World's fair in Shanghai provides China with another showcase opportunity
SHANGHAI -- With a frenzy of fireworks over a metropolis that once symbolized subjugation by the West, China on Friday launched its first world's fair, a jamboree of 189 nations that Communist Party leaders hope will showcase their country as a potent but peaceful world power.
As the Chinese character for peace flashed on a giant screen and Beethoven's "Ode to Joy" boomed from loudspeakers, a flotilla of boats carried the flags of the participating nations down the Huangpu River, a waterway that in the colonial era brought foreign invaders and traders, Western ways and great wealth to China's most cosmopolitan city.

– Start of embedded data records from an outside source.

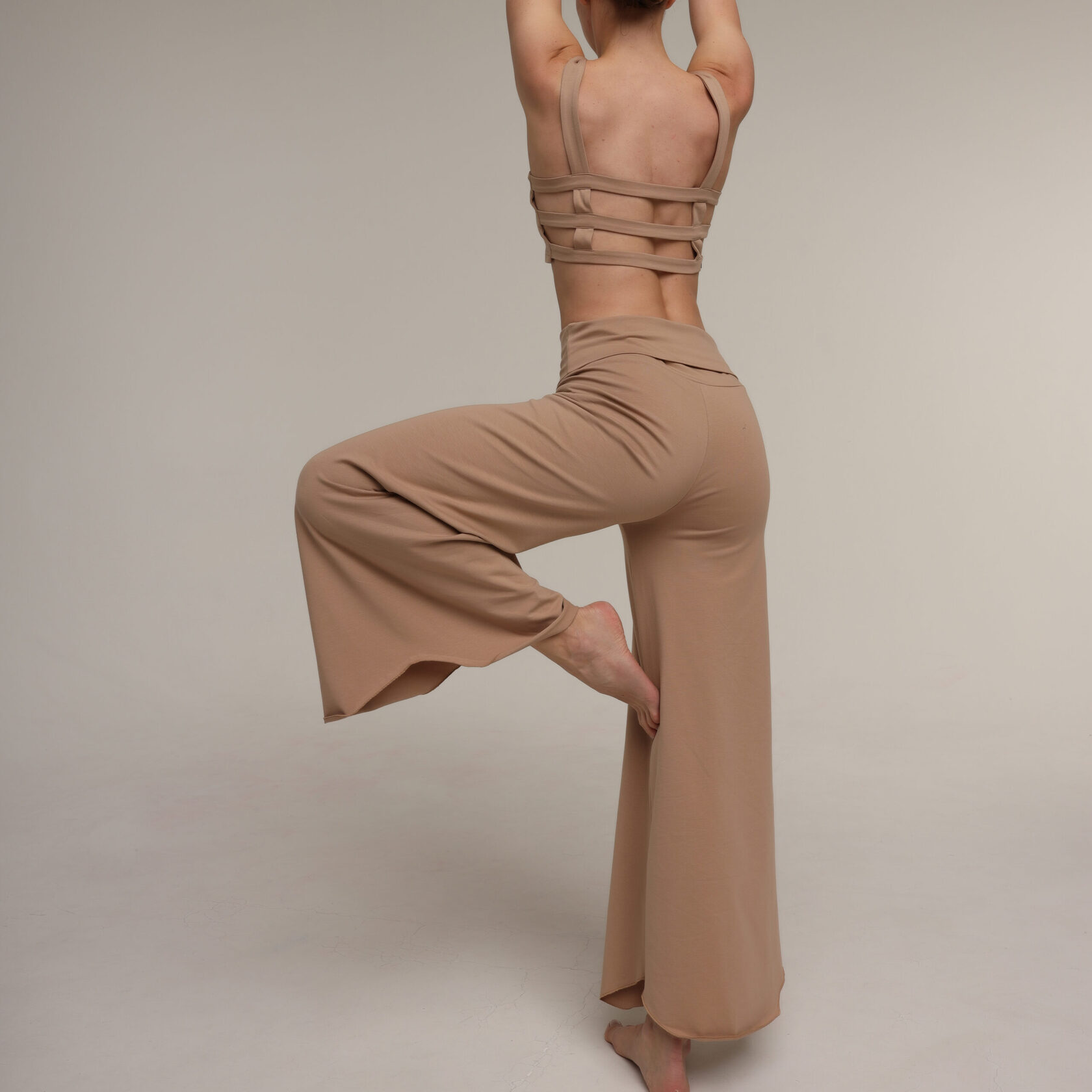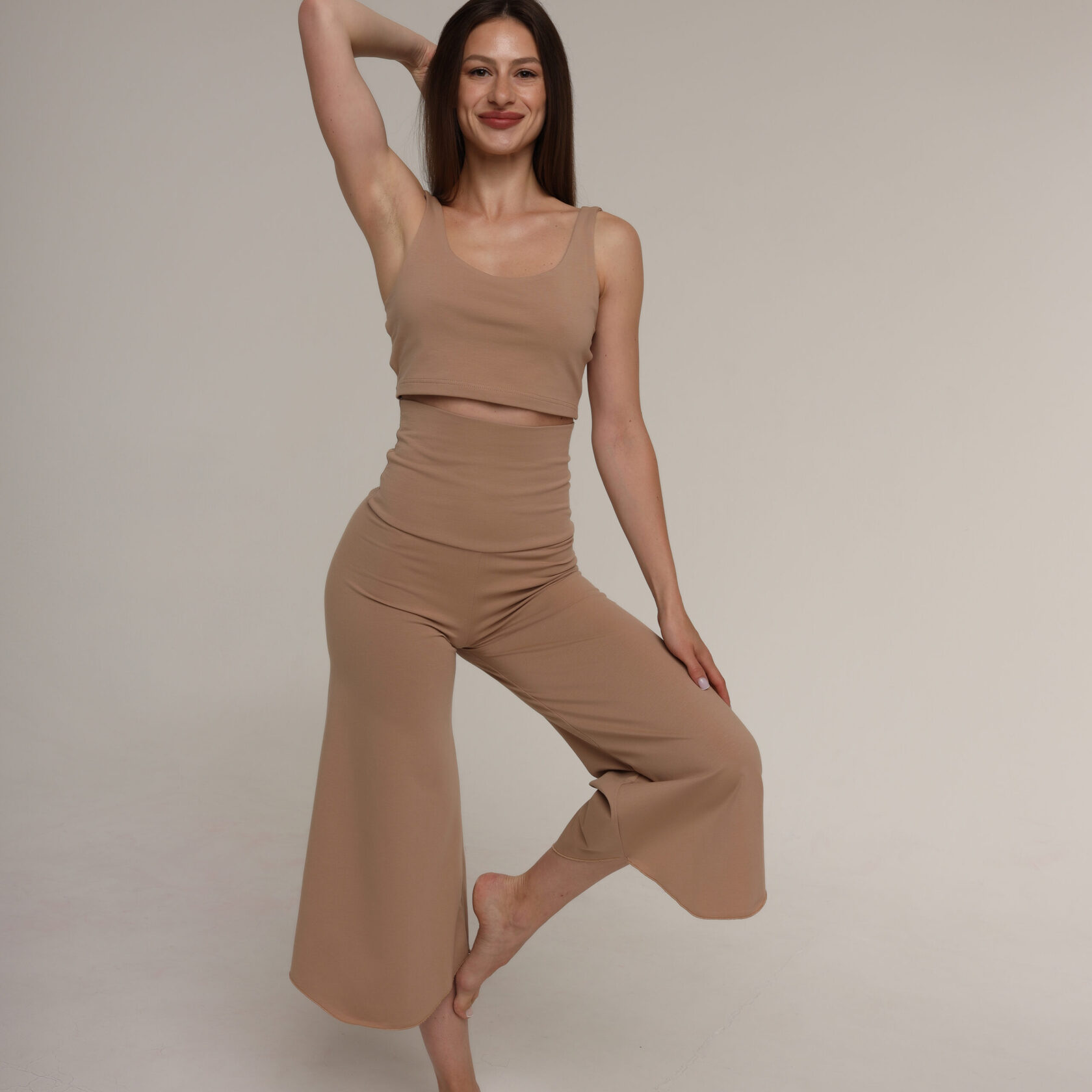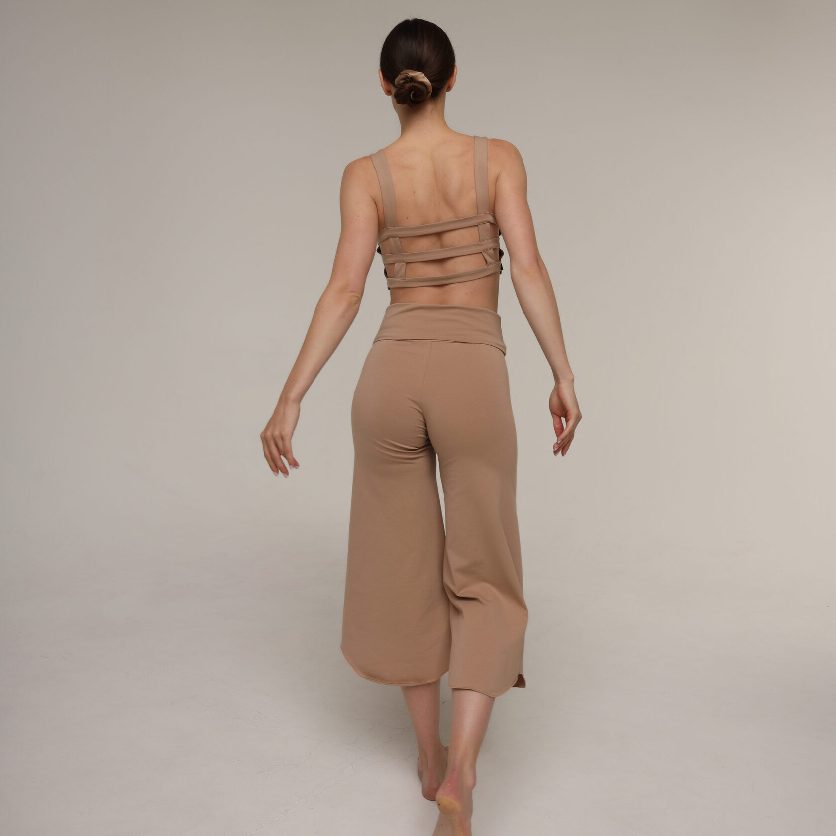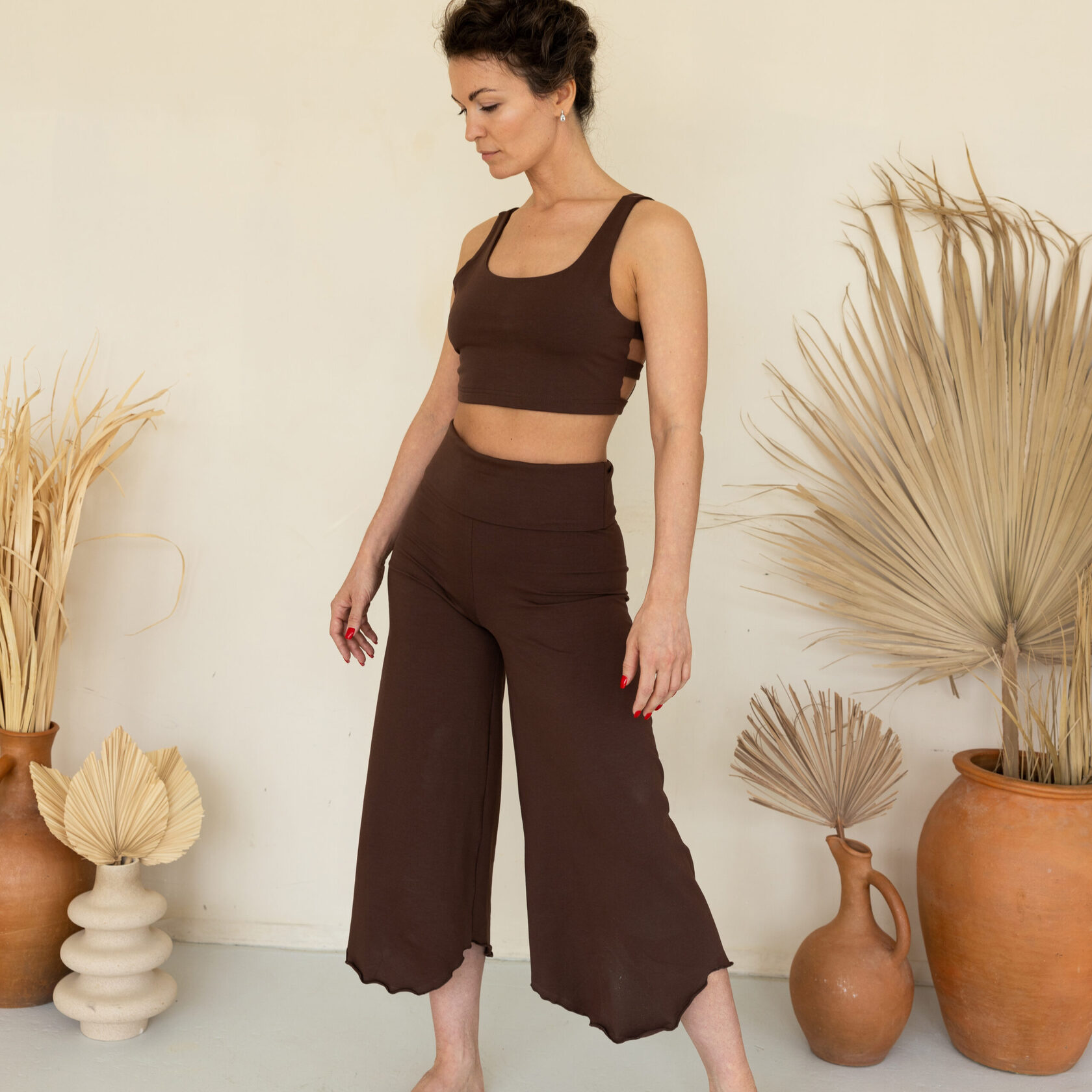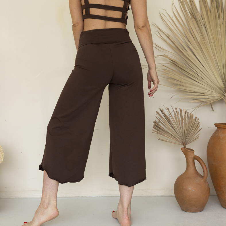 Женские свободные кюлоты из хлопка коричневого цвета Струящиеся, легкие кюлоты из мягкого эластичного хлопка с минимальным содержанием лайкры и высокой посадкой Материал плотный, классно смотрится также с лонгсливом или футболкой, худи Широкий фиксирующий пояс, без резинки внутри, можно загибать в 2 раза Также подходит для беременных Отсутствие бокового шва Комфорт на практиках или тренировках, дышащий хлопок, не стесняющий движений Прекрасный вариант для йоги,практик, спорта и базового летнего гардероба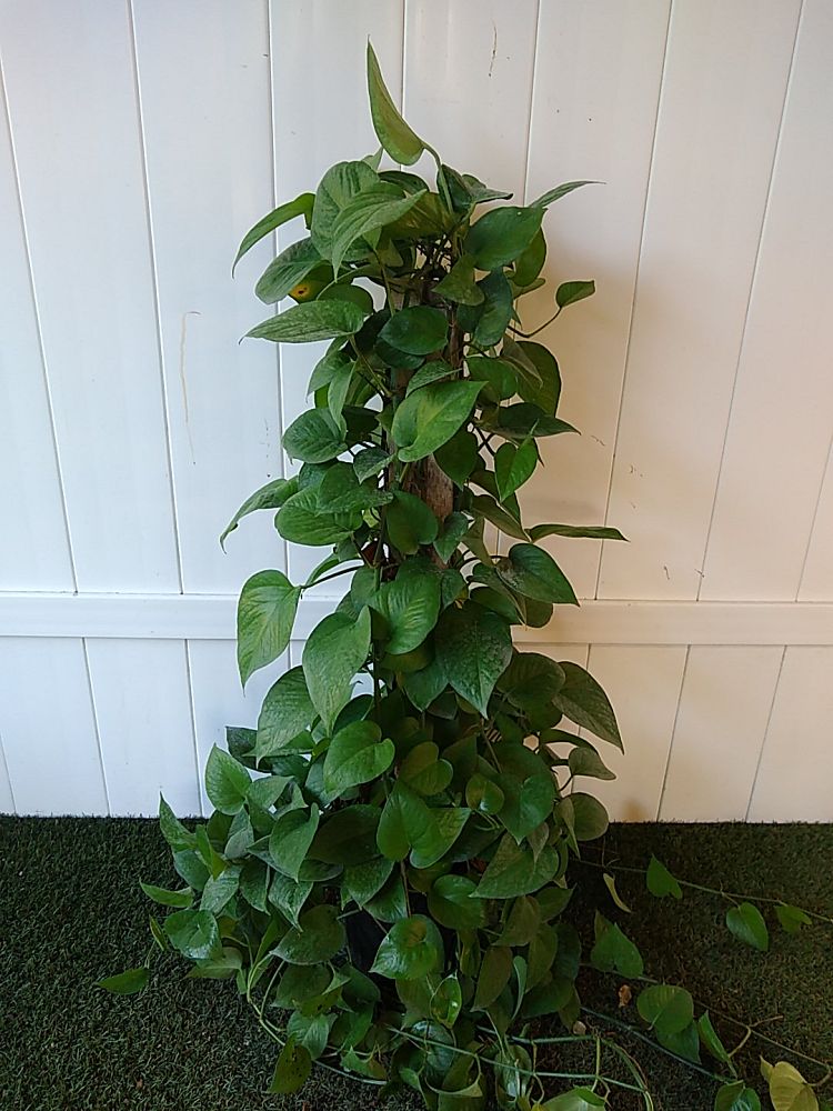This is because the pothos vine is long, trailing, and heart-shaped, assuming the shape of an arrow. The leaf striations can sometimes have white, pale green, or yellow undertones. A mature-sized, large pothos can reach a length of up to 40 ft and is 3 to 6 feet in width.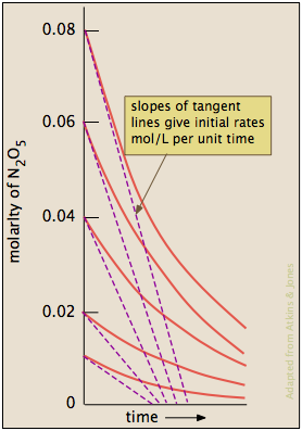 | Using the same dinitrogen pentoxide decomposition as in the previous example, we conduct a series of runs using five different initial concentrations of N2O5. Note that we use only the tangents at the beginning of each plot — that is, at times t=0. |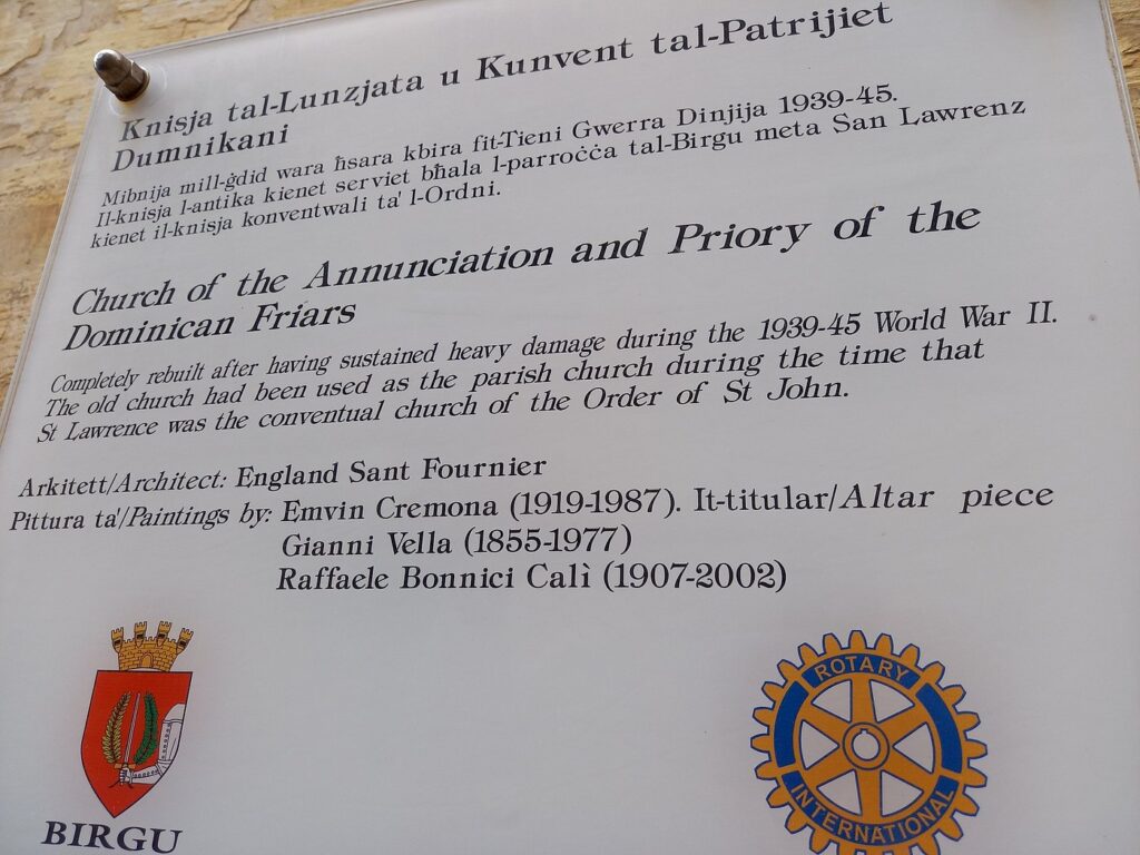 El diseño de la actual Iglesia de la Anunciación (Il-Lunzjata) se atribuye al arquitecto Edwin England Sant Fournier, habiéndose completado su reconstrucción total en 1954. Situada en la calle principal (Triq il-Kbira) de la histórica ciudad de Birgu, esta iglesia es la sede de la Orden de los Dominicos en la zona. El templo original fue terminado en 1575 y se mantuvo como uno de los sitios religiosos más importantes durante la estancia de los Caballeros en Birgu; sin embargo, la estructura histórica fue destruida casi por completo por los intensos bombardeos aéreos durante la Segunda Guerra Mundial en 1941.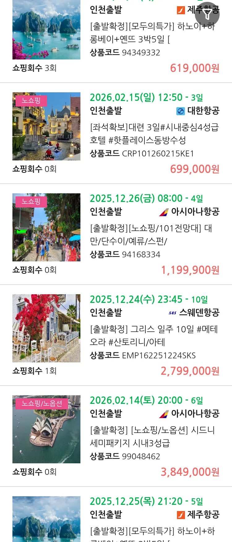 (11월1일(토)) 땡처리 99.9% 확정 패키지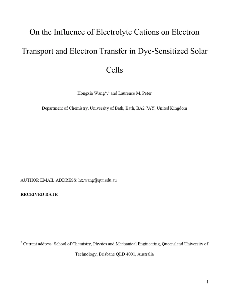 On the Influence of Electrolyte Cations on Electron Transport and Electron Transfer in Dye-Sensitized Solar Cells 31 20 View details Download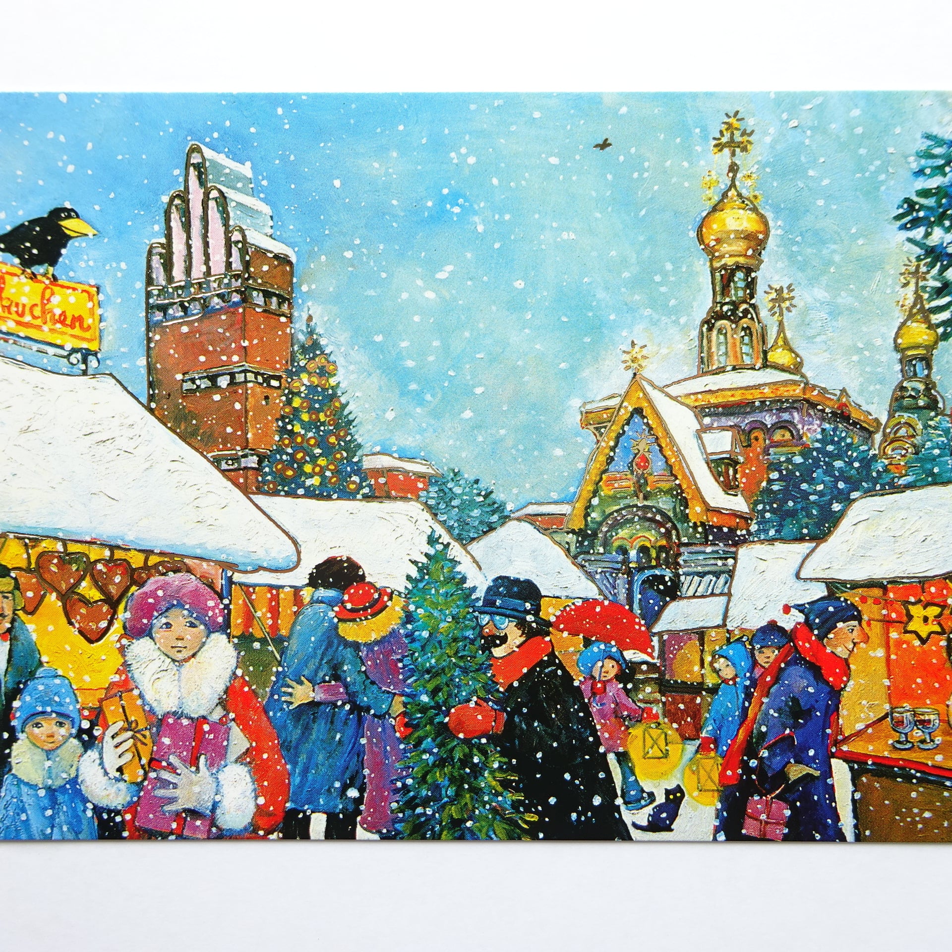 欧州の都市で開催されるクリスマスマーケットが描かれたポストカードです。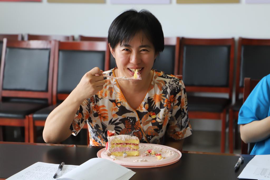 学团党支部全体党员同志共同点燃生日之火,切分生日蛋糕。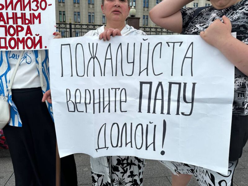 К женам и матерям мобилизованных, которые устроили пикетирование напротив здания Минобороны, вышел генерал-полковник Борисенко А. А. Ранее женщинам пообещали, что если они свернут плакаты, с ними поговорит представитель ведомства. В разговоре с женщинами Борисенко заявил, что не сможет вернуть их мужей домой с войны, и добавил, что «против России ведется агрессия со стороны 55 государств», а его сын в настоящее время сам находится на фронте.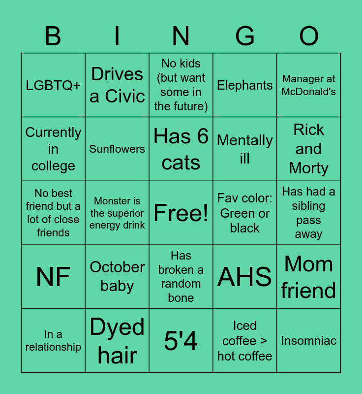 This bingo card has a free space and 24 words: October baby, Dyed hair, Has 6 cats, In a relationship, Manager at McDonald's, LGBTQ+, Currently in college, Drives a Civic, Fav color: Green or black, Has broken a random bone, Mentally ill, No best friend but a lot of close friends, AHS, Mom friend, Sunflowers, Iced coffee > hot coffee, Has had a sibling pass away, No kids (but want some in the future), Rick and Morty, Monster is the superior energy drink, Insomniac, NF, Elephants and 5'4.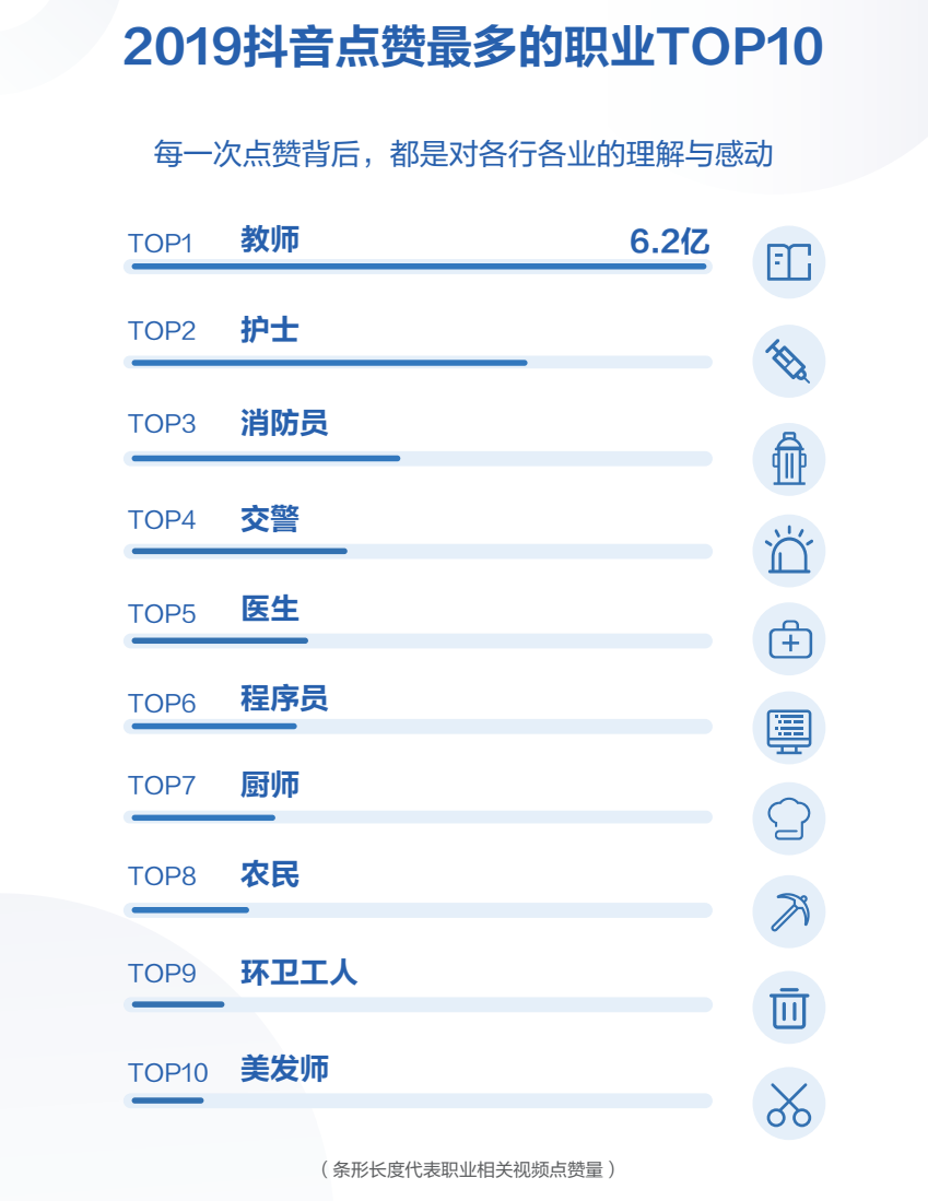 对于短视频来讲,农牧业经营者,或者说农民这个身份也成为最受欢迎的身份,以往给人感觉穷、落后、土的农民,没想到在短视频时代迎来化蝶飞舞的历史性机遇。2019年,在抖音上获得点赞最多的职业中,农民排在前十位。所以,农牧民的好时代正是现在。如图5-19所示。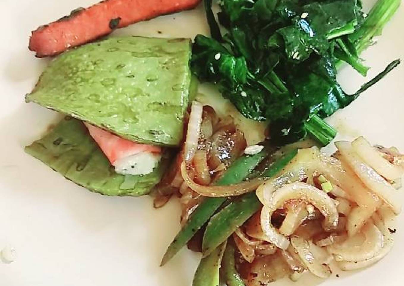 - Cortar por la mitad un nopal y rellenar con el jamón y el queso

After eight years of preparation, more than $50 billion in state funds and the biggest security operation in China since the 2008 Olympic Games in Beijing, President Hu Jintao declared Expo 2010 Shanghai open at a ceremony held in a riverfront hall shaped like a flying saucer.
The ceremony, a mix of Sino-Western schmaltz and stiff Chinese ritual, featured the Chinese national anthem, a song by Hong Kong movie star Jackie Chan, a rendition of Puccini's "Nessun Dorma" by Italian tenor Andrea Bocelli and mass dance routines.
Police closed streets in wide swaths of the city ahead of the event, which was attended by numerous foreign dignitaries, including North Korea's No. 2 and French President Nicolas Sarkozy. The United States did not send a high-level representative.
Tens of thousands of Shanghai residents watched the fireworks show Friday evening. "In the past, foreigners looked down on Chinese," said Jiang Xian, a retired petrochemical worker. "I am now very proud and excited."